What is needed:
Retype, without any change, the first line of the records and every line after it through the one containing "Water Lane, Bradwell".

Stored items from a collection:
*-*-*

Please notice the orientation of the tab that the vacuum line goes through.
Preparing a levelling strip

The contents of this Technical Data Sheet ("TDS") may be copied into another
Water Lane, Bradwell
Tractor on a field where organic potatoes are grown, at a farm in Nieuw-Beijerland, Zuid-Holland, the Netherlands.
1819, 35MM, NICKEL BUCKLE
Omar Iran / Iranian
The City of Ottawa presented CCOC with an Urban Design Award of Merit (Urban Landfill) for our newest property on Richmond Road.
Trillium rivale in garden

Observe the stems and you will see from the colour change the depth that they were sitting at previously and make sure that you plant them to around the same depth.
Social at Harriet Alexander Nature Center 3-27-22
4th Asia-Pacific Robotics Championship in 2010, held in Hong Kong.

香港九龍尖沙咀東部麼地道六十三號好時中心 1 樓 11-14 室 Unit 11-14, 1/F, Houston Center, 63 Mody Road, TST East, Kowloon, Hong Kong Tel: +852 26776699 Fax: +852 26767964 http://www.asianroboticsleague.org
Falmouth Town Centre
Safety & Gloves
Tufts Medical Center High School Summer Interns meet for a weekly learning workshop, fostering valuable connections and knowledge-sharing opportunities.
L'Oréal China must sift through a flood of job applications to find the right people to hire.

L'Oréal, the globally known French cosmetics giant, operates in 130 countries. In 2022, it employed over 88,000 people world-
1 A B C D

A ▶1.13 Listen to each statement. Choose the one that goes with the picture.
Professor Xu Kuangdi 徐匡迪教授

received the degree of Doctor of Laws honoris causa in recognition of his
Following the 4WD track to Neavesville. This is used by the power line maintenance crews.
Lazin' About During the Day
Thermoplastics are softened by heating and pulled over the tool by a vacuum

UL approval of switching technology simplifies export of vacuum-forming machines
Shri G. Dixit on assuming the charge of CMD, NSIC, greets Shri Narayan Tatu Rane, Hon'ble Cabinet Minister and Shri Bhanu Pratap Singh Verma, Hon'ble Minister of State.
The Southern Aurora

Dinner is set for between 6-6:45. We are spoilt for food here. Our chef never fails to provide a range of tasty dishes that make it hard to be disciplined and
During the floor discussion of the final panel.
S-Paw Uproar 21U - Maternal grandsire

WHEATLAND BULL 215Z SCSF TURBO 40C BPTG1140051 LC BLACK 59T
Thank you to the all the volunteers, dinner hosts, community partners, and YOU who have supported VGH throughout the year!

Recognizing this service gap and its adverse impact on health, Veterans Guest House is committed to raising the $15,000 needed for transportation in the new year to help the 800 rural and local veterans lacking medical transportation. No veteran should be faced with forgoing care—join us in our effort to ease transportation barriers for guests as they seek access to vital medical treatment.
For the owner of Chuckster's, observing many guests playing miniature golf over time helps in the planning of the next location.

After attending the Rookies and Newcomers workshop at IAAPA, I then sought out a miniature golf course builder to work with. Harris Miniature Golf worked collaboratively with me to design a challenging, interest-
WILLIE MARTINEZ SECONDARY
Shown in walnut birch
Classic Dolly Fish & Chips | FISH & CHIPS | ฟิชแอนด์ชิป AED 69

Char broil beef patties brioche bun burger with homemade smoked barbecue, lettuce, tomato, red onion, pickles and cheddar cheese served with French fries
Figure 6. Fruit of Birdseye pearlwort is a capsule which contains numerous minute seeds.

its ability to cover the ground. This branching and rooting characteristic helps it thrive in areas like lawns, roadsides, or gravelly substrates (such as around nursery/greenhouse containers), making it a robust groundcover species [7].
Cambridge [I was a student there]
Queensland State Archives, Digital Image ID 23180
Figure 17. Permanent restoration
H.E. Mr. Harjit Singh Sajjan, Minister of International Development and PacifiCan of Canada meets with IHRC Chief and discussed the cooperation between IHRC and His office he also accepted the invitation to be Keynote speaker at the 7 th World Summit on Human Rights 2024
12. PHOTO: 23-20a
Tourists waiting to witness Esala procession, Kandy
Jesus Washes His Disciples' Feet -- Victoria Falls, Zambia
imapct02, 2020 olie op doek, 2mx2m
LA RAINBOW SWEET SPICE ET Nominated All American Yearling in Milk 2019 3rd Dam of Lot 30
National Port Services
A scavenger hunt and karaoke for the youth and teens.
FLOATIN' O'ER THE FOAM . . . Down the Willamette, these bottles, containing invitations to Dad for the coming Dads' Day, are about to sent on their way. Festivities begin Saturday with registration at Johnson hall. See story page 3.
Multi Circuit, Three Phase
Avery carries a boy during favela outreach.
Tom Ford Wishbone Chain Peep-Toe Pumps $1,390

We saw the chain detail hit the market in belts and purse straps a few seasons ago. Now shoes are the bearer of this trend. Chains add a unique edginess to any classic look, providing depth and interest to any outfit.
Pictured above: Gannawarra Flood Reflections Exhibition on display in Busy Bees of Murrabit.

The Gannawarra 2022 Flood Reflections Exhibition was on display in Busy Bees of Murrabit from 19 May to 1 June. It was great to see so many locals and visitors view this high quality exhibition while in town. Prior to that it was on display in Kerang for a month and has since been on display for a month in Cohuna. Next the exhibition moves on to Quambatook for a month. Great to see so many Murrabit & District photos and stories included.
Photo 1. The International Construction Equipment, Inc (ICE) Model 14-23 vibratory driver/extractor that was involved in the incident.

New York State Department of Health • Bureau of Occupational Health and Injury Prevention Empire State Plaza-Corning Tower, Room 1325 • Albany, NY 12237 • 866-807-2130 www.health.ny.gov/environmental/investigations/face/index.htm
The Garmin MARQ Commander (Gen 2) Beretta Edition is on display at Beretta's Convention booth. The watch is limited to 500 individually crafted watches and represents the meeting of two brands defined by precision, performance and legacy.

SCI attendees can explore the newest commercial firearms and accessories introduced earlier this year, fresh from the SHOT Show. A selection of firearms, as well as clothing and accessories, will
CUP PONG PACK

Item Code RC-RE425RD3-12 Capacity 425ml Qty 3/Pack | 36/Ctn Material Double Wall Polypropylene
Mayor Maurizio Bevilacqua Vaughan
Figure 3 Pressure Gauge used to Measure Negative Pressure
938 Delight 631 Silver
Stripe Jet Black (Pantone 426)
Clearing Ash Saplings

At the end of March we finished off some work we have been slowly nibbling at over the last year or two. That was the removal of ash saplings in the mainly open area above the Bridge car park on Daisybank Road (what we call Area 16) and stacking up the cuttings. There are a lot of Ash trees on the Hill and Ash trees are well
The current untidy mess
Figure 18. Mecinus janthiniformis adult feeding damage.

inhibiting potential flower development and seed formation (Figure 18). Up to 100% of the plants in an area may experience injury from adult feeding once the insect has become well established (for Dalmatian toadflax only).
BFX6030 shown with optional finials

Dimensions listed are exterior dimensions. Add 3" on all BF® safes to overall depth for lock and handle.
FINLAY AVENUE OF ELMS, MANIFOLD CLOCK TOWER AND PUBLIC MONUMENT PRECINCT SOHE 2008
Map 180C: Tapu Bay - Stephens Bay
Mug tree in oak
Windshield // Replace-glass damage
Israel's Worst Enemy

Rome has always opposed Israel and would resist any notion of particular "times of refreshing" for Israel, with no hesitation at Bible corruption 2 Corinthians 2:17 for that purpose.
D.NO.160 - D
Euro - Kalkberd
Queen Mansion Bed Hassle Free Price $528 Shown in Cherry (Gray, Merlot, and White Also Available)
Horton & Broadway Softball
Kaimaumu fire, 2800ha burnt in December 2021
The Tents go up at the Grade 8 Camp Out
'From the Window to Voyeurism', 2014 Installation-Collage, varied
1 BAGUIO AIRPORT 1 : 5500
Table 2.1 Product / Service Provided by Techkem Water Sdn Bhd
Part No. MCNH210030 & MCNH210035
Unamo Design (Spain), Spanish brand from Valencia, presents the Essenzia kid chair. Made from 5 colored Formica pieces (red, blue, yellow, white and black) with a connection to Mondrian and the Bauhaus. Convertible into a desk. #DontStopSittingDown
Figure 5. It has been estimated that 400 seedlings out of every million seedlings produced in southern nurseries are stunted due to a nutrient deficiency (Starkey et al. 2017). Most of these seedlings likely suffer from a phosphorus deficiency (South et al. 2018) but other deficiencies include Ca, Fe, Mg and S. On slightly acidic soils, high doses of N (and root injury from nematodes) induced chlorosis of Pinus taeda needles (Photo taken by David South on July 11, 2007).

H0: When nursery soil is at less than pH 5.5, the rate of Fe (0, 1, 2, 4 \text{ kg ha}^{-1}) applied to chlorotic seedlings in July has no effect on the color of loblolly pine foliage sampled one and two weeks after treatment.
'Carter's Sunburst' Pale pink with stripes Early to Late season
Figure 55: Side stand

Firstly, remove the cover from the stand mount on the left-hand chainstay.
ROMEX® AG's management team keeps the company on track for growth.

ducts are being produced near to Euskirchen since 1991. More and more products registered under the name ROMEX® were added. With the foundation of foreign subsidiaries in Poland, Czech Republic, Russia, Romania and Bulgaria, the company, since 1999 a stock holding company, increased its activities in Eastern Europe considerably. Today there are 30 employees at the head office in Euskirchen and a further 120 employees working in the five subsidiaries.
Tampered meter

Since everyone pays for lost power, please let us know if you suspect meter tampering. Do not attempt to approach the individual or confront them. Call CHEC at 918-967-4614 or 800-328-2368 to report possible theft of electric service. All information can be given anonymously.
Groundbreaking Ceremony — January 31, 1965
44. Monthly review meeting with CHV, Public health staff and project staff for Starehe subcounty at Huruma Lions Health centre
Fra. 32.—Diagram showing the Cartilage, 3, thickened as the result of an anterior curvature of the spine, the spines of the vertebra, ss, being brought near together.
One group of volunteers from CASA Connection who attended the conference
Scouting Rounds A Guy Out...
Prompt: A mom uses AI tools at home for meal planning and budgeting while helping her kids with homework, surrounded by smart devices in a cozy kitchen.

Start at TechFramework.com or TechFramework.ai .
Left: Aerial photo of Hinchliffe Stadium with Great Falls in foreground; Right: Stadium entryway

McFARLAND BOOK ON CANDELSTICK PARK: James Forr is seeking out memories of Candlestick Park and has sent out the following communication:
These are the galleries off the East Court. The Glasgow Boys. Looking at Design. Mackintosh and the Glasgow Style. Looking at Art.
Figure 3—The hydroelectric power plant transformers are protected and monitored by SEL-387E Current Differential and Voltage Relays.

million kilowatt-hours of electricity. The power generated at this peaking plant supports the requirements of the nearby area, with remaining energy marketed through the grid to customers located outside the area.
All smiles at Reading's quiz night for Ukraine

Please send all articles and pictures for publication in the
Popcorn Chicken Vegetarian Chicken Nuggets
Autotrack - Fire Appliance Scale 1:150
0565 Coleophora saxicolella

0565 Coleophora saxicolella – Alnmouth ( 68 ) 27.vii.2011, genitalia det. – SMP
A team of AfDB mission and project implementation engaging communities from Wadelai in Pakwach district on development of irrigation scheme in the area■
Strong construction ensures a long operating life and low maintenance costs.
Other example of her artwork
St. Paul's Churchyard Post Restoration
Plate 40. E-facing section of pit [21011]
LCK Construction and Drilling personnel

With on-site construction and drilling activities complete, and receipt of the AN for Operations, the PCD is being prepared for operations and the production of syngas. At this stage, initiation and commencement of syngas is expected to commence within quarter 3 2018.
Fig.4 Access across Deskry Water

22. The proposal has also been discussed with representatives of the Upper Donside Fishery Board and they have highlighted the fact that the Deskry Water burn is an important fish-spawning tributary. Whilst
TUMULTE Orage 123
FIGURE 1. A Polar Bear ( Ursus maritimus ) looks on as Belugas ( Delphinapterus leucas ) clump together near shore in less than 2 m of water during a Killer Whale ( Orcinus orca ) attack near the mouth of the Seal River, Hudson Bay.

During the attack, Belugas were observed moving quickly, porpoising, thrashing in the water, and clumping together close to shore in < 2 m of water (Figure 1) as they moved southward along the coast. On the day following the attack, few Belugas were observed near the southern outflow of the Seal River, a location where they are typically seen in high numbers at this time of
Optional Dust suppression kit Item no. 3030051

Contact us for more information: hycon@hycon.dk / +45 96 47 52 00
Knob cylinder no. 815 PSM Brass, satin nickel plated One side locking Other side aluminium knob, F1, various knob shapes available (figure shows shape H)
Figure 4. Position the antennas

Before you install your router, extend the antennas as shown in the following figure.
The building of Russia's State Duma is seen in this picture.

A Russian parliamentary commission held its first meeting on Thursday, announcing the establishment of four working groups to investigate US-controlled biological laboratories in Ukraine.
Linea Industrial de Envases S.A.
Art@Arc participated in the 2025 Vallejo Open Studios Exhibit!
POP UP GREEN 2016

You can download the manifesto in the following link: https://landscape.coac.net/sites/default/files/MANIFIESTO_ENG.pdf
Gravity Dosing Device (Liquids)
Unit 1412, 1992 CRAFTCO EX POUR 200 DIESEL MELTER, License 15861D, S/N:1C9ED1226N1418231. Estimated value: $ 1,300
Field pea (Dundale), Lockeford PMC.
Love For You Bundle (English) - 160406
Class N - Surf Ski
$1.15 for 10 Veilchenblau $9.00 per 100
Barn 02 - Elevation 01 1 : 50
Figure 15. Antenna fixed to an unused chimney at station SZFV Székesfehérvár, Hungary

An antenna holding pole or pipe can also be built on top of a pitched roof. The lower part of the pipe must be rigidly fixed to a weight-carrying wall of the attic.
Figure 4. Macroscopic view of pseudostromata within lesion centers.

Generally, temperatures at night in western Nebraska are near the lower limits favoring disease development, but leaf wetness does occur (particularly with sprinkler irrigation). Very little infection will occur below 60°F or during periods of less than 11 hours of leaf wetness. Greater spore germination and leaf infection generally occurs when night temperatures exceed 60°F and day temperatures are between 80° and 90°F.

*-*-*

Task answer:
Please notice the orientation of the tab that the vacuum line goes through.
Preparing a levelling strip

The contents of this Technical Data Sheet ("TDS") may be copied into another
Water Lane, Bradwell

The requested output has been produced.